> Problem requirements:
Note on the material below: return exactly the lines from the line that holds "Extreme Cashmere white" through the line that holds "值得一提的是,根据Booho", and leave out each picture.

> Available data:
· · · · · · ·

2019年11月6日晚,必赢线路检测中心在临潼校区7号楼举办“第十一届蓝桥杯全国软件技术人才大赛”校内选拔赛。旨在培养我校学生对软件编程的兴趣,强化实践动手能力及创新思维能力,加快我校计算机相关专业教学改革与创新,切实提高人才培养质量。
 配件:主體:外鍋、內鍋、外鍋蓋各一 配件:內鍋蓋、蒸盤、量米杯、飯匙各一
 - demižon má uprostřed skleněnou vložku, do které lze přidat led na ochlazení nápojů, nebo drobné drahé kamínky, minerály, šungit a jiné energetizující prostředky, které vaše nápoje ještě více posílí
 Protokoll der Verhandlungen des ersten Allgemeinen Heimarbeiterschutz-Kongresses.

· · · · · · ·

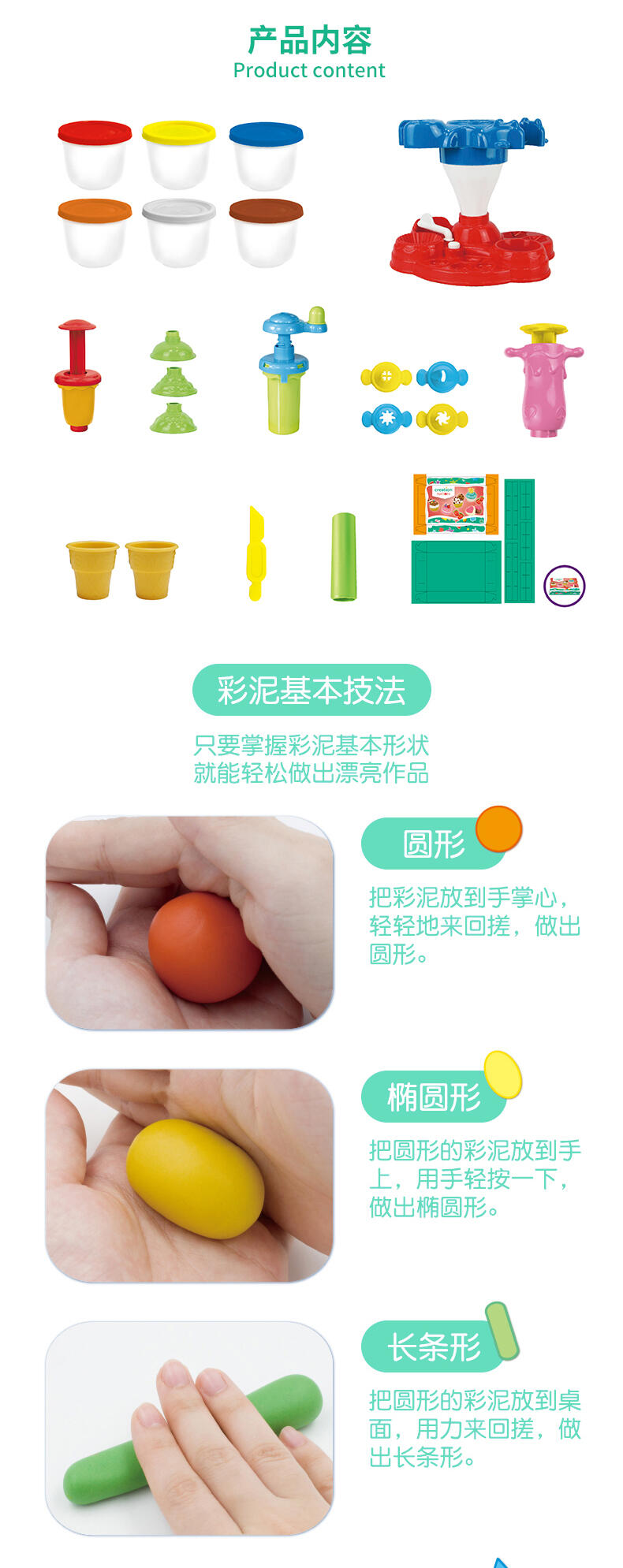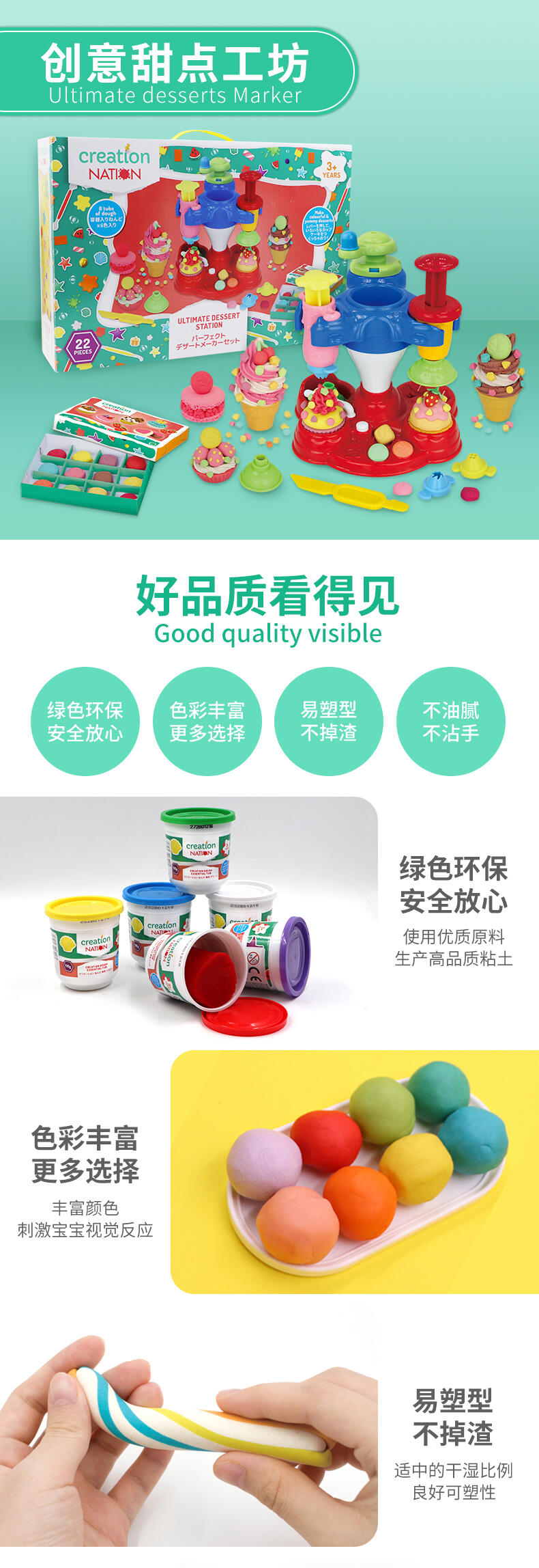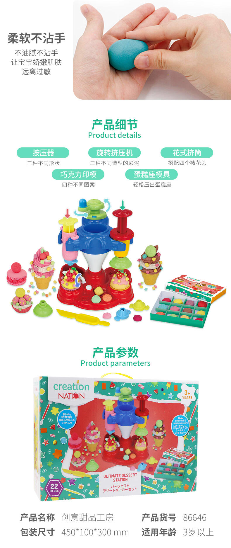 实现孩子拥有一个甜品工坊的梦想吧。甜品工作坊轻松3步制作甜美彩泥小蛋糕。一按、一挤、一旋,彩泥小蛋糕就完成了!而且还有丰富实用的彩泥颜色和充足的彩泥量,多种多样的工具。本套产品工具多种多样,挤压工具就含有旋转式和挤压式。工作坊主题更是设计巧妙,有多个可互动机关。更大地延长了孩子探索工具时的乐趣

· · · · · · ·

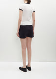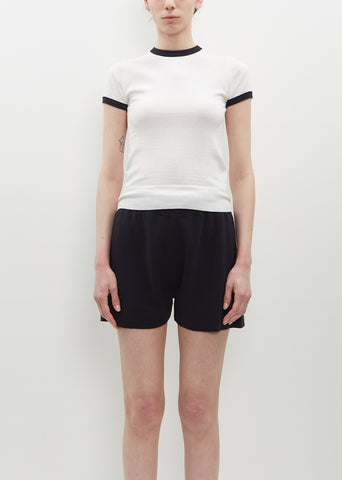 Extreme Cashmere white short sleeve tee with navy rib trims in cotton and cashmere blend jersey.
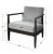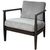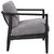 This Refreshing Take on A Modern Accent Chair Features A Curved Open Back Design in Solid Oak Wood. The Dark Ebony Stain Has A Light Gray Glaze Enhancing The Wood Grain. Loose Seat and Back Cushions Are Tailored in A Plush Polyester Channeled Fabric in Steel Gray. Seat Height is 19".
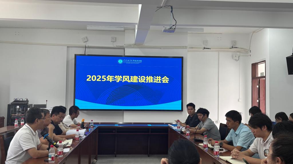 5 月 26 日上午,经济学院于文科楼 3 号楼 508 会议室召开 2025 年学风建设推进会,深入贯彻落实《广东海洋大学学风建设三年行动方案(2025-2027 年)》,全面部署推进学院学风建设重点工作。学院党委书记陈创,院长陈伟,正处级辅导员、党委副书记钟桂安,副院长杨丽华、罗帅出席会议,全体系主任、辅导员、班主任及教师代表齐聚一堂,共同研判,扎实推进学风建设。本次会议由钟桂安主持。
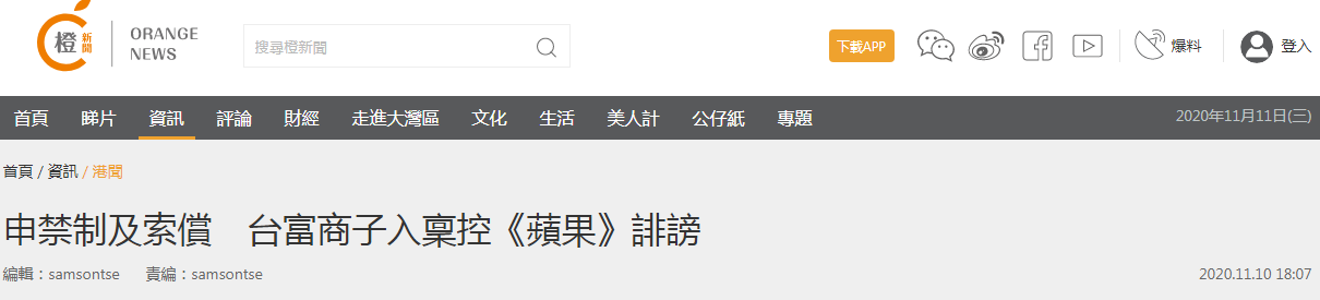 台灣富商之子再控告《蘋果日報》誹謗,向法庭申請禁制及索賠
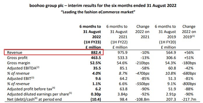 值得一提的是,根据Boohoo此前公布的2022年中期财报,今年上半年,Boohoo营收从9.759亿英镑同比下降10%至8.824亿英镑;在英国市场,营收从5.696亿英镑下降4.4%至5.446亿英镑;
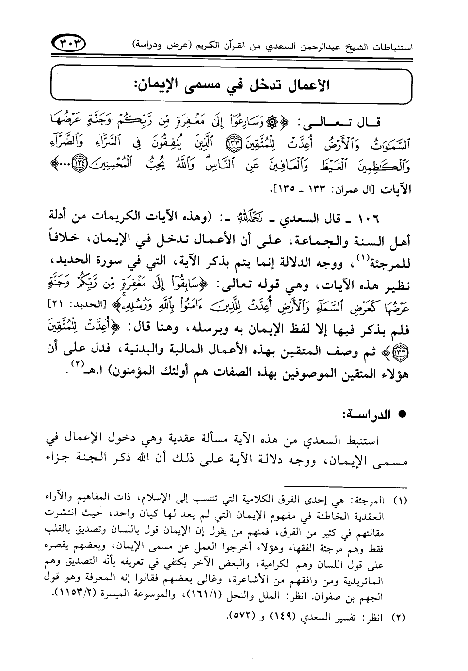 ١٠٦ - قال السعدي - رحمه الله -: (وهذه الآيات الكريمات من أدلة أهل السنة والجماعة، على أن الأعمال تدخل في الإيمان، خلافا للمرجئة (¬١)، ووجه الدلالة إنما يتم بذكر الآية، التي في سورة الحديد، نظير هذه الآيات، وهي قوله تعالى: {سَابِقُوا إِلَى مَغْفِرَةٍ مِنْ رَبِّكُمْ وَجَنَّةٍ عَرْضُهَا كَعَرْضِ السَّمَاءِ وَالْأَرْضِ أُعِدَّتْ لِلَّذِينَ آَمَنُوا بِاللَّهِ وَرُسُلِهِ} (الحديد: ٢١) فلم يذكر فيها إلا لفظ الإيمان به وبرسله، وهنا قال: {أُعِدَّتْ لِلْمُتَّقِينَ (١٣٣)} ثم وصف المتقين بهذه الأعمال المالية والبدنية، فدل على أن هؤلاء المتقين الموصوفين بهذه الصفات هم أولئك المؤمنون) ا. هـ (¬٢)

· · · · · · ·

> Reply:
 Extreme Cashmere white short sleeve tee with navy rib trims in cotton and cashmere blend jersey.
 This Refreshing Take on A Modern Accent Chair Features A Curved Open Back Design in Solid Oak Wood. The Dark Ebony Stain Has A Light Gray Glaze Enhancing The Wood Grain. Loose Seat and Back Cushions Are Tailored in A Plush Polyester Channeled Fabric in Steel Gray. Seat Height is 19".
 5 月 26 日上午,经济学院于文科楼 3 号楼 508 会议室召开 2025 年学风建设推进会,深入贯彻落实《广东海洋大学学风建设三年行动方案(2025-2027 年)》,全面部署推进学院学风建设重点工作。学院党委书记陈创,院长陈伟,正处级辅导员、党委副书记钟桂安,副院长杨丽华、罗帅出席会议,全体系主任、辅导员、班主任及教师代表齐聚一堂,共同研判,扎实推进学风建设。本次会议由钟桂安主持。
 台灣富商之子再控告《蘋果日報》誹謗,向法庭申請禁制及索賠
 值得一提的是,根据Boohoo此前公布的2022年中期财报,今年上半年,Boohoo营收从9.759亿英镑同比下降10%至8.824亿英镑;在英国市场,营收从5.696亿英镑下降4.4%至5.446亿英镑;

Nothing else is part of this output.